Richard Hamilton: diversity sweet inspiration for Spiced Pear chef

Nation's Restaurant News, March 22, 2004 by Erica Duecy

From Cajun-Creole to classic French, the menu at fine-dining restaurant Spiced Pear reflects chef Richard Hamilton's many culinary inspirations. He has studied, interned and worked in myriad restaurants from France to the Bahamas and stateside destinations from Las Vegas to Nashville, Tenn. In pursuing his dream to become executive chef of a fine-dining restaurant, Hamilton has had to juggle the demands of a family and a culinary career.

Title: executive chef, Spiced Pear at the Chanler Hotel, Newport, R.I.

Birth date: April 21,1967

Hometown: Oklahoma City

Education: some undergraduate studies at Oklahoma State University and Cornell University; Master diploma from Ecole Ritz Escoffier, Paris; grand diploma from Le Cordon Bleu, Paris

Career highlights: cooking with Alain Ducasse; finding an owner who believes in his vision and allows him to buy amazing ingredients and cook in the wonderful environment of Spiced Pear

How did you get your start in the restaurant business?

My mom had a Cajun-Creole restaurant in Oklahoma City, where I grew up, called Hamilton House and also a Southern-style family restaurant called Brandy's. I started working at the restaurants at 6 years old, doing anything they'd let me do: washing dishes, doing a little prep, stirring salads. I loved the omelet station. Sometimes they'd let me cook for customers.

Did you start taking on more responsibilities when you entered your teens?

When I got older, I stopped wanting to work for my family and wanted to move around to other restaurants. It was getting a little boring, so I started bussing tables at restaurants around town. Then I started working as a prep cook at various kitchens and started working my way up, working with different styles of food.

How did you end up at the Ritz Escoffier?

I left college a year before graduating because I had decided that schooling wasn't what I wanted, but I really wanted to be a chef. I got married to the woman I'd been dating since the eighth grade. And she said, "If chefing is what you want to do, you need to go to culinary school." So we decided that the best thing to do was to go to France so I could cook at the Ritz Escoffier.

What was your first job out of culinary school?

I was a saucier at the two-star L'Espadon in Paris under chefs Michel Roth and Guy Legay. I was there for about four months and then went to intern with Alain Ducasse in Monte Carlo at Le Louis XV. I was basically working all stations, rotating from station to station. I kept working at different restaurants until my work permit expired several months later.

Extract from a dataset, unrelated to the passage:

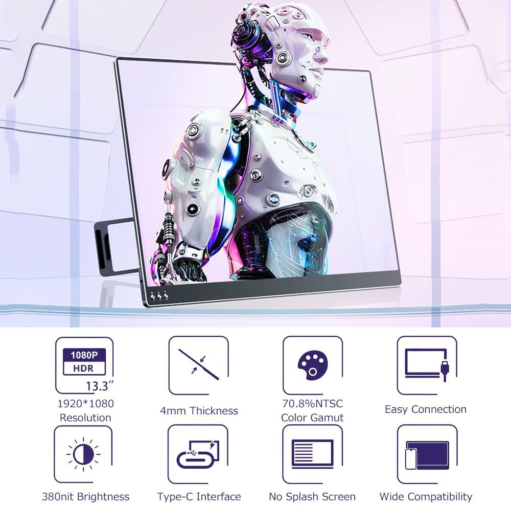 Buy 13.3 inch Portable Monitor QLED Screen 1920*1080 Resolution with Integrated Foldable Bracket Wide Compatibility Black US Plug in Nigeria
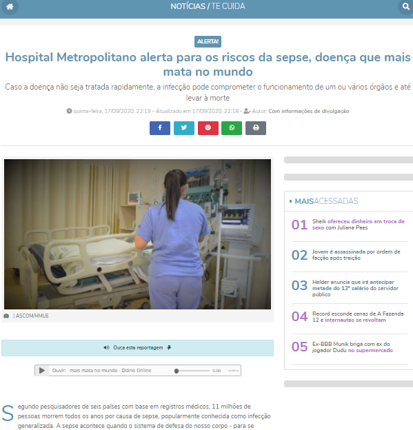 Diário do Pará Online – Hospital Metropolitano alerta para os riscos da sepse, doença que mais mata no mundo

What did you do back in the States?

I worked as a sous chef at the Ritz-Carlton Hotel Laguna [in Dana Point, Calif.] and then moved to Tennessee. While in Tennessee, I started a catering company called The Ritz Inc., in Nashville. I was the personal chef to Pink Floyd, the Red Hot Chili Peppers and MCA Records. I traveled around the country with country singers like Tim McGraw and Faith Hill and Garth Brooks. That was 1993 to 1997. It was fun for a little while, but what I really wanted to be was a chef at a restaurant. My wife was staying in Tennessee while I was traveling, and she didn't like me to be gone so much. She just said, "Enough's enough." So I sold my share in the business and helped open a restaurant in Nashville called Magnolias, where I was the executive chef. It was a very successful high-end Southern restaurant.

And then you moved to Las Vegas?

I was at Magnolias for two years and left in 2000 to work as chef de cuisine at MGM, for their Mirage, Bellagio and New York, New York resorts in Las Vegas. I was there for more than a year. I loved the job and the company, but Vegas just wasn't our kind of town. By that time we had a son, Christian, and my wife was miserable living there. There wasn't a lot for families to do there.

So you moved again?

I took a consulting job as the executive chef at Dunmore Beach Club on Harbour Island in the Bahamas. It had been a sleepy resort for years, and they wanted to take it up to a five-star resort. So I was hired to redo all the menus, get a staff in place and get them trained. My wife and son went back and forth between the Bahamas and her family in Tennessee.

You've lived in so many different places. Have your travels influenced your cuisine?

It's influenced me dramatically. A lot of young chefs make the mistake of thinking that the grass is greener on the other side, that if they just knew how to cook island cuisine, for example, they would be better chefs. The nice thing about seeing all those cuisines was learning that they're all based on the same techniques, and you need that good technical foundation. From there it's really just cooking what's in your imagination and in your heart.

What prompted your move to Rhode Island?

I got a call from a headhunter who said they were interested in me for this project, and it was perfect timing. I was looking to settle down in a smaller property and really do a signature top-of-the-line restaurant. I had done the traveling thing, I had done the let's-explore-your-wild-side kind of thing, and now my wife and I wanted to finally put down some roots and send our son to school. With this restaurant I could put everything that I'd preached and taught for years to the test and find out if I could launch myself as a top-level chef.